An emerging trend over the past year in the exchange traded products industry has been an increased number of so-called quality, factor-based ETFs.
In fact, some of 2013’s most successful new ETFs were fund emphasizing a quality approach to stock selection, including the iShares MSCI USA Quality Factor ETF (NYSEArca: QUAL), iShares MSCI USA Size Factor ETF (NYSEArca: SIZE), iShares MSCI USA Value Factor ETF (NYSEArca: VLUE) and iShares MSCI USA Momentum Factor ETF (NYSEArca: MTUM). [Winning New ETFs]
Unbeknownst to some investors, the quality approach is not new as highlighted by the PowerShares S&P 500 High Quality Portfolio (NYSEArca: SPHQ). The $331.2 million SPHQ debuted in late 2005 as a high-quality spin on the S&P 500. To be precise, the ETF tracks the S&P 500 High Quality Rankings Index.
“The Index is designed to provide exposure to the constituents of the S&P 500 Index that are identified as stocks reflecting long-term growth and stability of a company’s earnings and dividends.

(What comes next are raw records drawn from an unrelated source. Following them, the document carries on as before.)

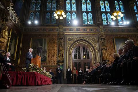 Steinmeier se dirigió a los políticos en el Parlamento durante la primera visita de estado de un presidente alemán en 27 años, un viaje que comenzó el miércoles cuando el Rey Carlos y la Reina Camila le dieron la bienvenida a él y a su esposa Elke Budenbender en el Castillo de Windsor para una procesión en carruaje y un banquete de estado.
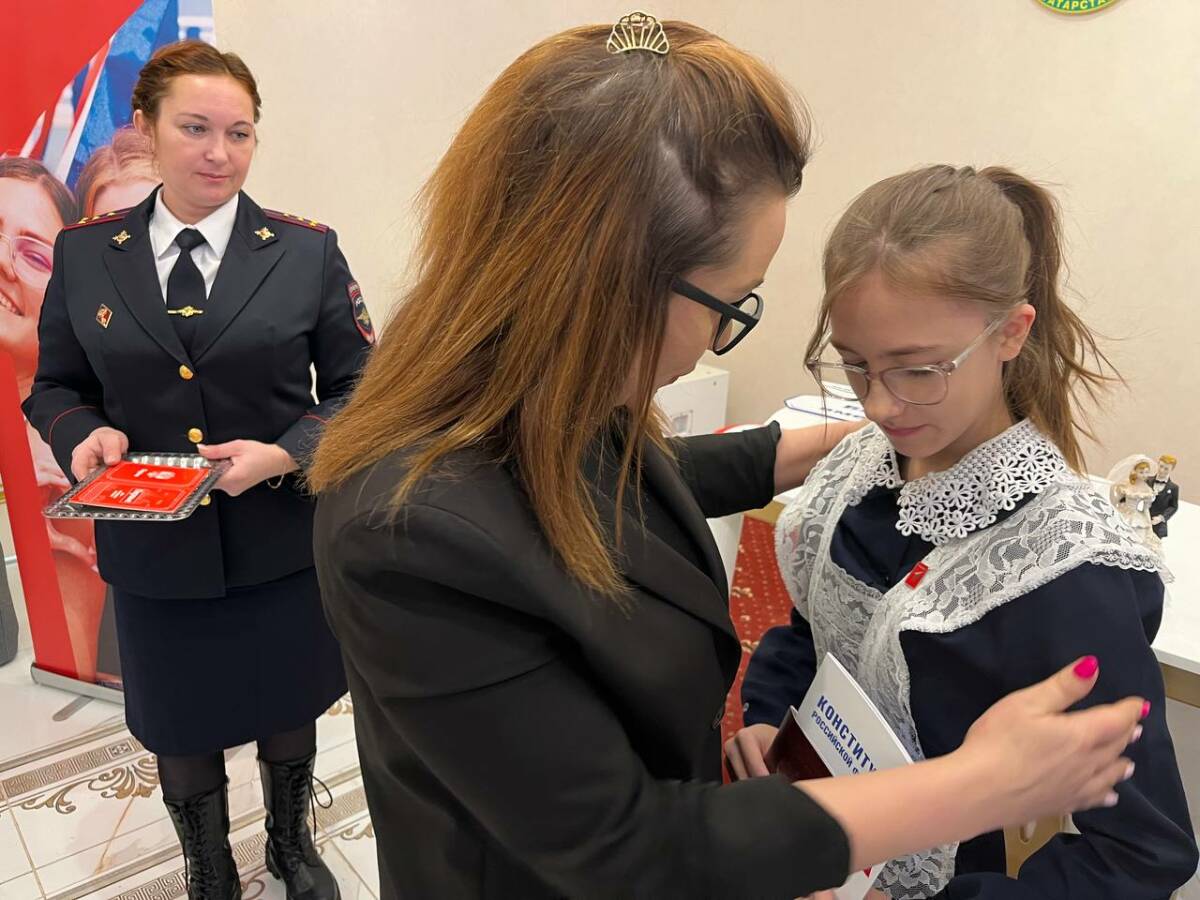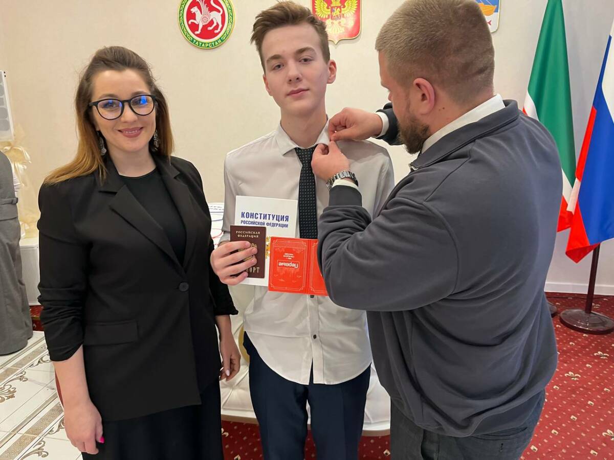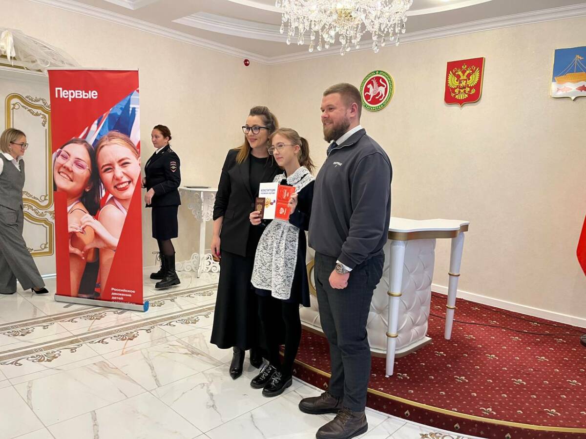 Церемония состоялась в Дворце бракосочетания, где собрались дети и взрослые, чтобы отметить значимый для страны праздник. С получением первого официального документа участников мероприятия поздравили управляющая делами исполкома Айгуль Амирова и руководитель проектов патриотического и спортивного направлений регионального отделения «Движения Первых» Александр Игошин.
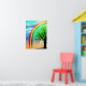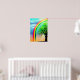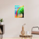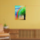 Poster in in a green, watercolor tree, against a blue sky and a vividly colored rainbow
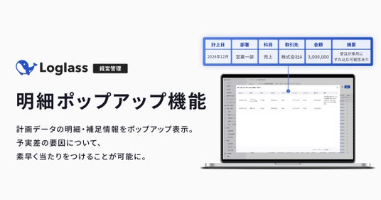 クラウド経営管理システム「Loglass」が、計画データの「明細ポップアップ機能」を提供開始
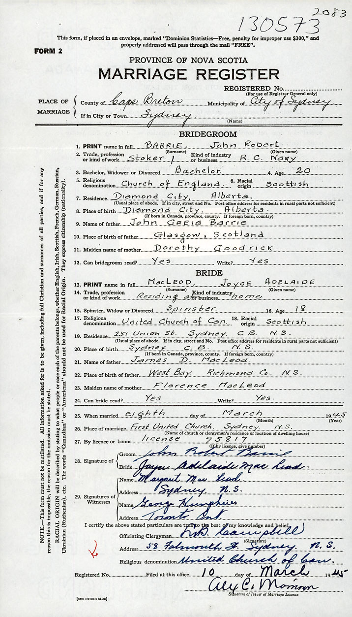Bride Joyce Adelaide MacLeod
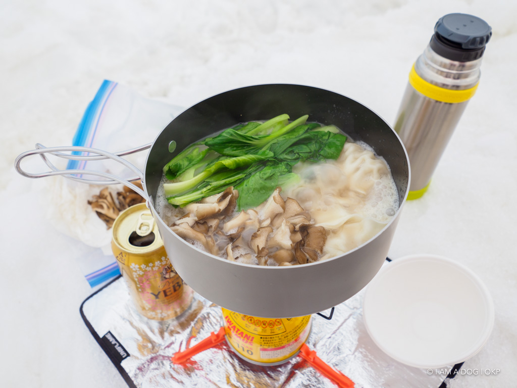 あと、登山装備ではありませんがこれらもテント泊には重要な装備?ですね。厳冬期のビールは体が冷えてしまいますが(熱燗がおいしい)、残雪期だと天然の冷蔵庫もあるし、かつ気温的にも問題ないのでビールが大変おいしいです(でも夜はちょっと寒い)。
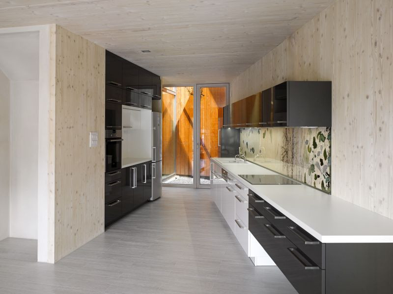 ... jako dřevo upraveného bezbarvými nátěry, povrchově stárne a mění se jeho odstín. Takové proměny v čase mohou být velmi zajímavé a budou postupně proměňovat náladu interiéru. Dřevo však bude poměrně náchylné k poškození povrchu. Kdo si na takové dobrodružství netroufá, má na výběr: přírodní oleje, včelí vosk, hliněné omítky, sklo, případně jejich kombinace – možností je celá řada a záleží vždy na osobním vkusu toho, kdo dům bude obývat. Několik možností a ukázek najdete v popiscích fotografií.
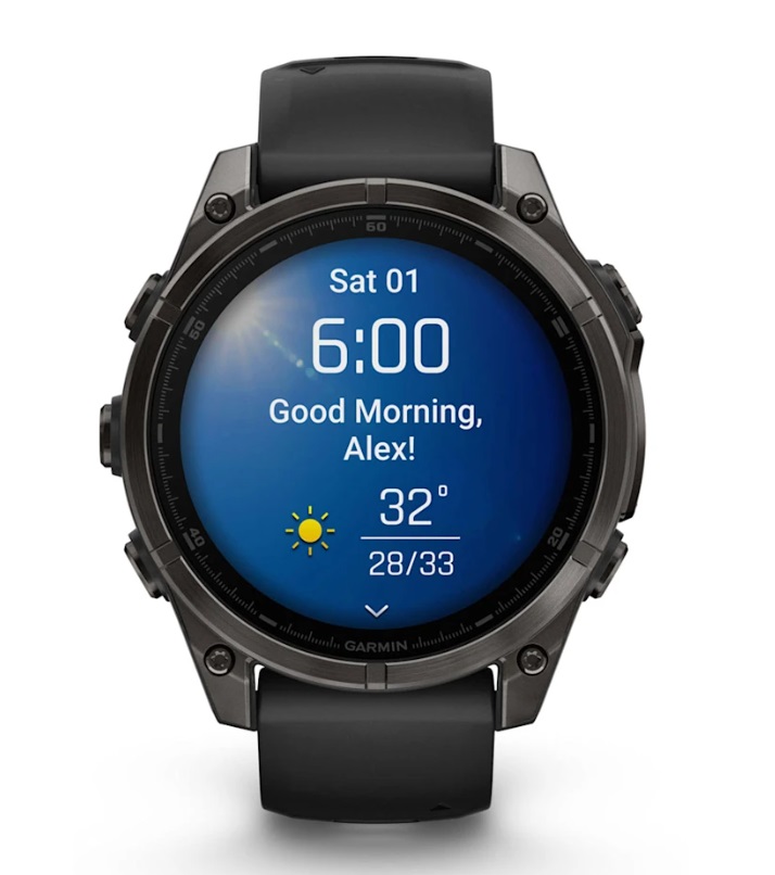 For serious athletes and adventurers who want to push beyond their limits, this premium multisport GPS smartwatch is built to perform — with advanced strength training features, dive capability, an internal speaker and mic for voice features, a built-in LED flashlight and more.

The Fund and the Index are rebalanced and reconstituted quarterly,” according to PowerShares.
SPHQ offers solid returns with reduced volatility, traits prized by scores of ETF investors as evidenced by the popularity of low volatility ETFs. [Low Vol ETFs Rise Again]
SPHQ “has generated relatively strong performance, with below average volatility. In the three-year period ended February 28, SPHQ rose 15.7%, ahead of the 14.2% achieved by SPDR S&P 500 (SPY 187 Overweight), but through January 2014 SPHQ incurred a beta of 0.87 and a standard deviation of 10.9 compared to 1.0 and 12.2 for SPY, respectively,” said S&P Capital IQ in a new research note.